Development in 2026 will change, but humans are poor multi-taskers and hate waiting for things and pressing “approve”. Adversarial LLM agents could compete in controlled ways using high-level verifiable formats (OpenAPI, JSONSchema, TLA+) and use tools to iterate towards the spec. Because of the need for more compute, that will probably look more like fully asynchronous agents than interactive sessions. One (or more) agents will build increasingly automated specs, tests, and validators while the other(s) build the code.

Something like AWS’ automated reasoning checks seem like a fruitful path, I’ve dabbled in TLA+ but always hit the same problem: checking the TLA+ proof against the code as-implemented. A 2024 paper fusing formal methods and LLMs uses Coq and proposes generating proofs from natural language, then iterating against the theorem prover with a separate LLM thread. My experience with LLM-written tests has been that they produce happy-path cases easily, basic error cases with some prompting, and often create tautological test cases. My stance on code generation used to be “LLM’s can write the code, or the tests: never both.”
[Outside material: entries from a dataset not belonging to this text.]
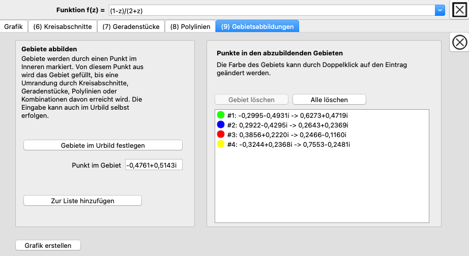 Im Feld Punkt im Gebiet können komplexe Zahlen eingegeben werden. Nach einem Klick auf Zur Liste hinzufügen erscheinen sie in der Liste auf der rechten Seite. Den einzelnen Punkten werden unterschiedliche Farben zugewiesen. Diese können durch Doppelklick auf einen Eintrag in der Liste geändert werden.
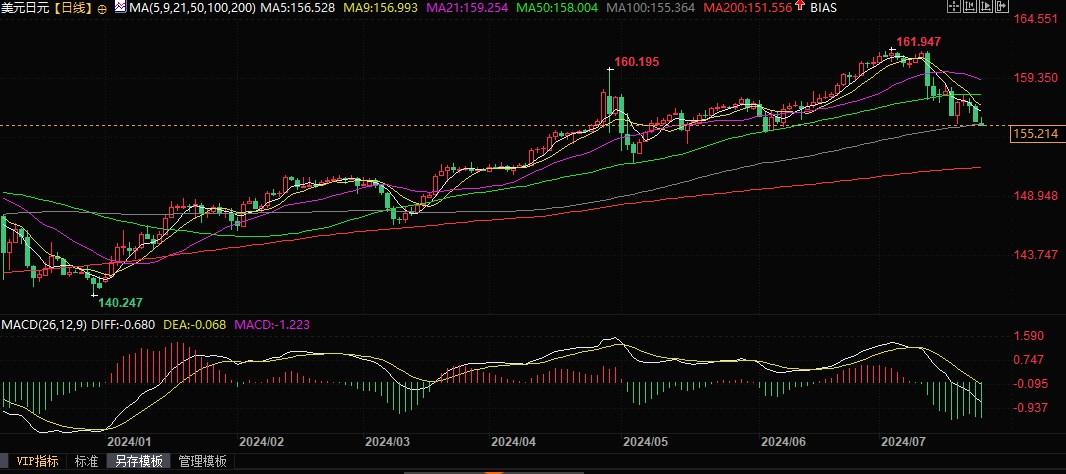 北京时间7月24日9:55,美元兑日元报155.21/23
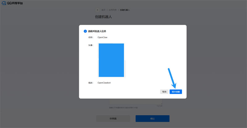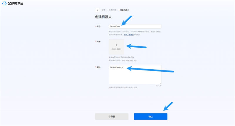 填写机器人名称,上传机器人头像,填写机器人描述,点击确认
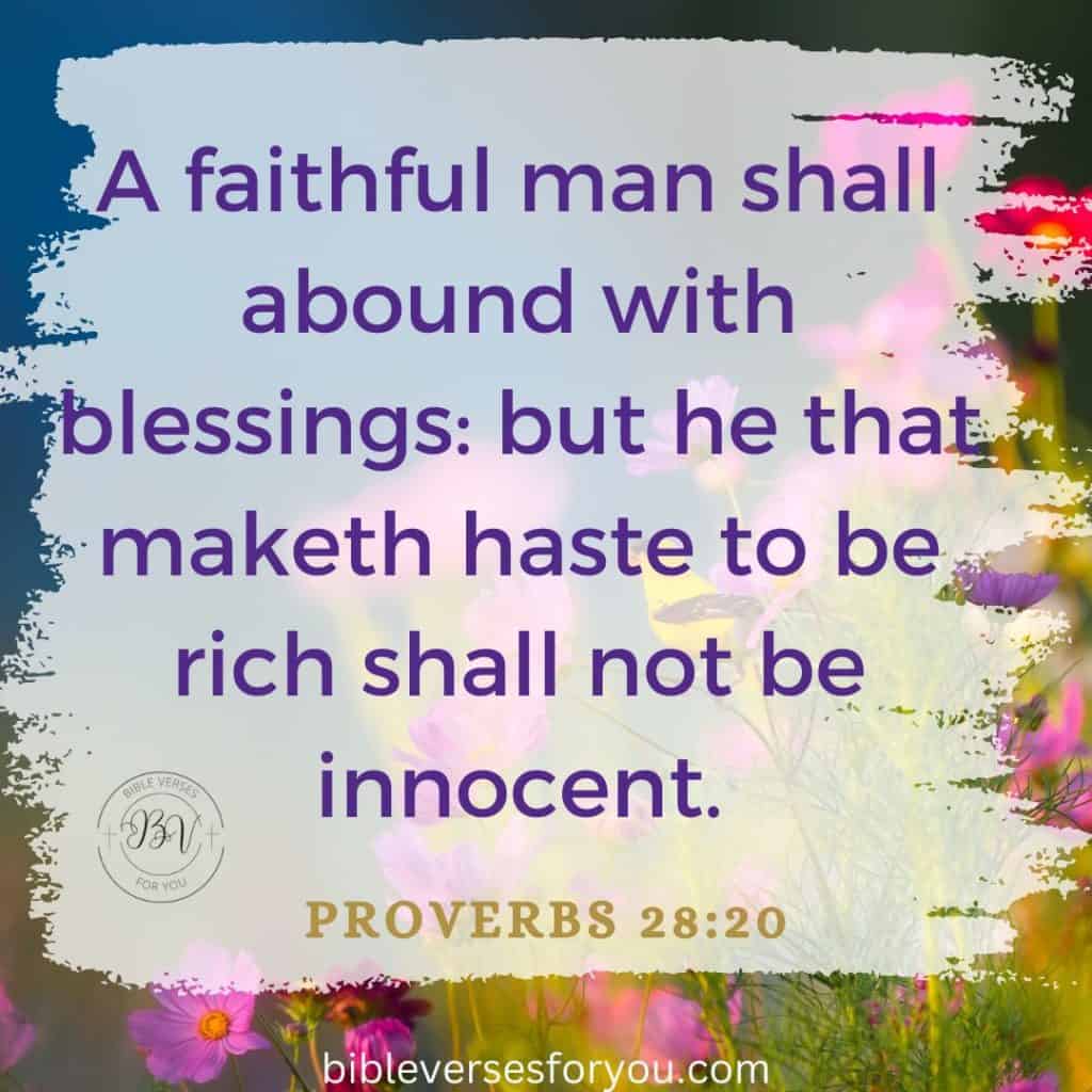 4. A faithful man shall abound with blessings: but he that maketh haste to be rich shall not be innocent. – Proverbs 28:20

Similar to the paper, I now use LLM’s for both tests and code in separate contexts. Unlike the authors, I haven’t learned Coq (yet). Instead, I start with a spec to build the test suite then start a separate session with a fresh context window to implement the code, running tests as it goes. For personal projects I’ve leaned progressively harder on Rust which grants more guarantees by default. This cuts down on simple tests (is thing actually a number?), and the dead code detection helps delete swaths of unused helpers.

Coming in 2026

You can’t do anything lately without hearing about “agentic software development” so there will obviously be a lot more development over the coming year. For now, I’ll be keeping my local container-based workflow and focus on verification techniques. 2026 may be the year formal methods become cool.